In the 37 years that she has been living on the property, pad rent for residents has never been increased, and remains at less than $300 per month.
“I wasn’t a businesswoman. This is what I got thrown into because of circumstances in the family.”
Goldstone added that some of the park’s tenants have not paid any rent for several years.
She said she now understands that allowing people to live with low or no rent has negatively affected the site’s other residents because she can’t afford the repairs.
“I know they’re frightened and probably, you know, they blame me because they’re afraid. I can understand their fear because I have the same fear,” said Goldstone.
“It’s going to be suffering for all of us.”
She too will lose power.
Most residents at Crown Villa own their mobile homes and plan to stay put. Some cite financial constraints associated with moving their trailer or selling a mobile home that is not connected to electricity.
Others say they are staying because they love the location.
“We’re all clinging to our homes because nobody is ready to go. We’re all terrified,” said Lisa Anderson.

She has lived at Crown Villa with her husband and son for over a decade.
“Everything that we own is in that trailer. We don’t have extra money,” said Anderson.
In preparation for next week’s power shutoff, the Anderson household has been purchasing bottled water since the electrical water pumps for the site’s well will stop working.

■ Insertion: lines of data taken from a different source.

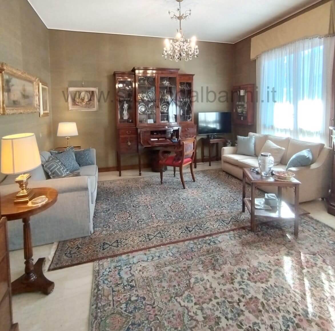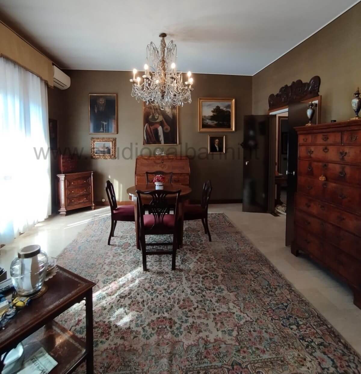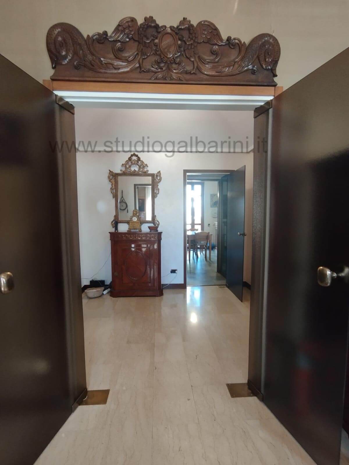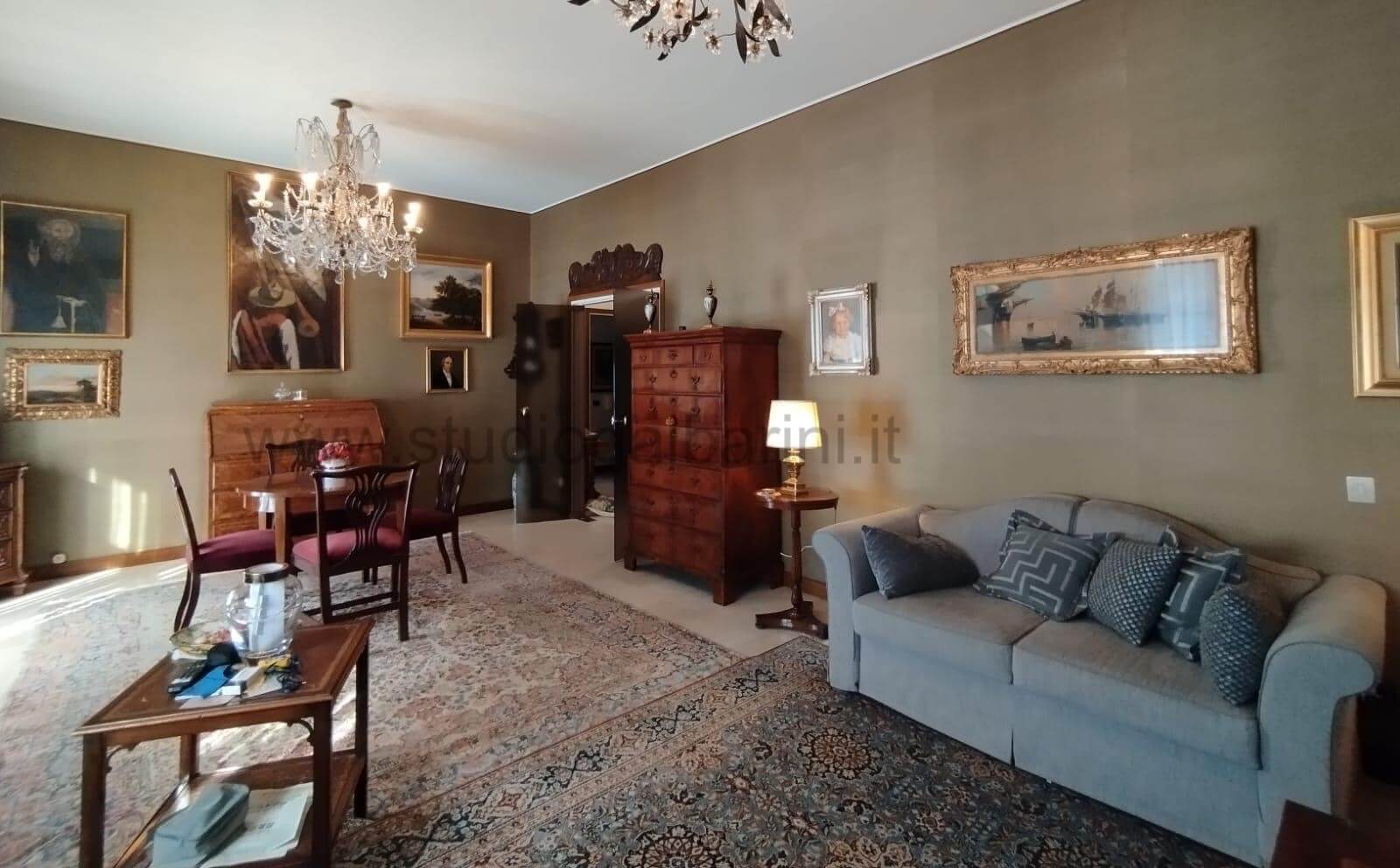 L’ingresso padronale, con volta decorativa, conduce al soggiorno doppio con accesso sull’ampio terrazzo. Due camere da letto di generose dimensioni, di cui una con porta finestra sul terrazzo, e due bagni di recente ristrutturazione.
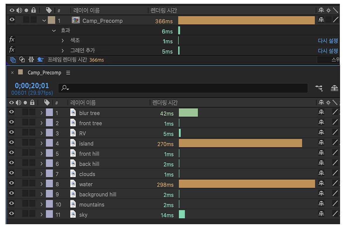 중첩된 컴포지션인 레이어, 즉 사전 컴포지션에는 렌더링 시간이 정확하게 표시됩니다. 사전 컴포지션의 어떤 요소가 레이어 렌더링 시간에 영향을 주는지 더 잘 파악하려면 사전 컴포지션을 열고 [컴포지션 프로파일러]를 사용하여 레이어를 자세히 살펴봐야 합니다.
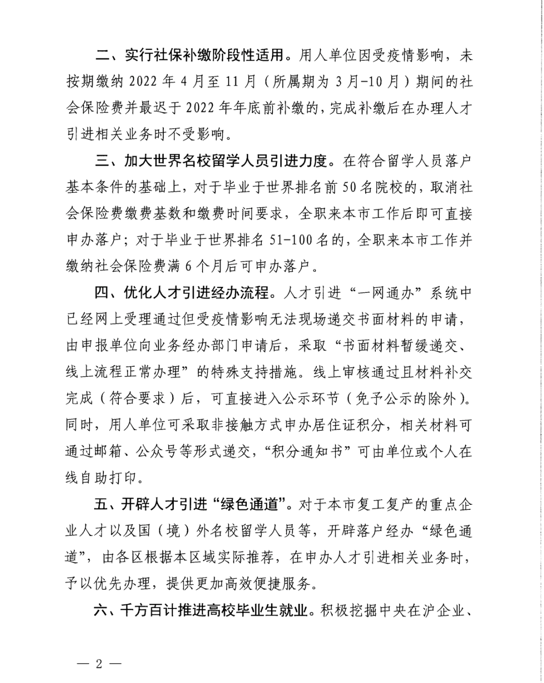留沪中心解读:国外院校世界排名前50名毕业的同学,对于社保基数、报税收入、社保个税缴纳时长无要求,全职来沪工作就可以直接落户!

They plan to buy large batteries that can be charged with solar power, and will bathe and do laundry at her relative’s house.
Other residents, like Phil Tomkulak, have no choice but to leave.

Tomkulak has chronic obstructive pulmonary disease (COPD) and relies on a continuous-flow oxygen concentrator, powered by electricity, to breathe.
He is moving into an apartment and does not yet know what he will do with the mobile home that is soon to be without power.
“This place I had planned on being my last,” said Tomkulak, about the home that he purchased with his late wife.
In a statement, the Ministry of Housing and Municipal Affairs said landlords are required by law to keep their manufactured home parks in reasonable repair. It noted the Crown Villa Mobile Home Park has a heavily-used, undersized and aging electrical system. It also said Goldstone has failed to provide evidence of efforts to secure financing for the repairs.
Homeowners who experience damage or losses due to landlord negligence, like having to move, can apply to the Residential Tenancy Branch for compensation from the landlord.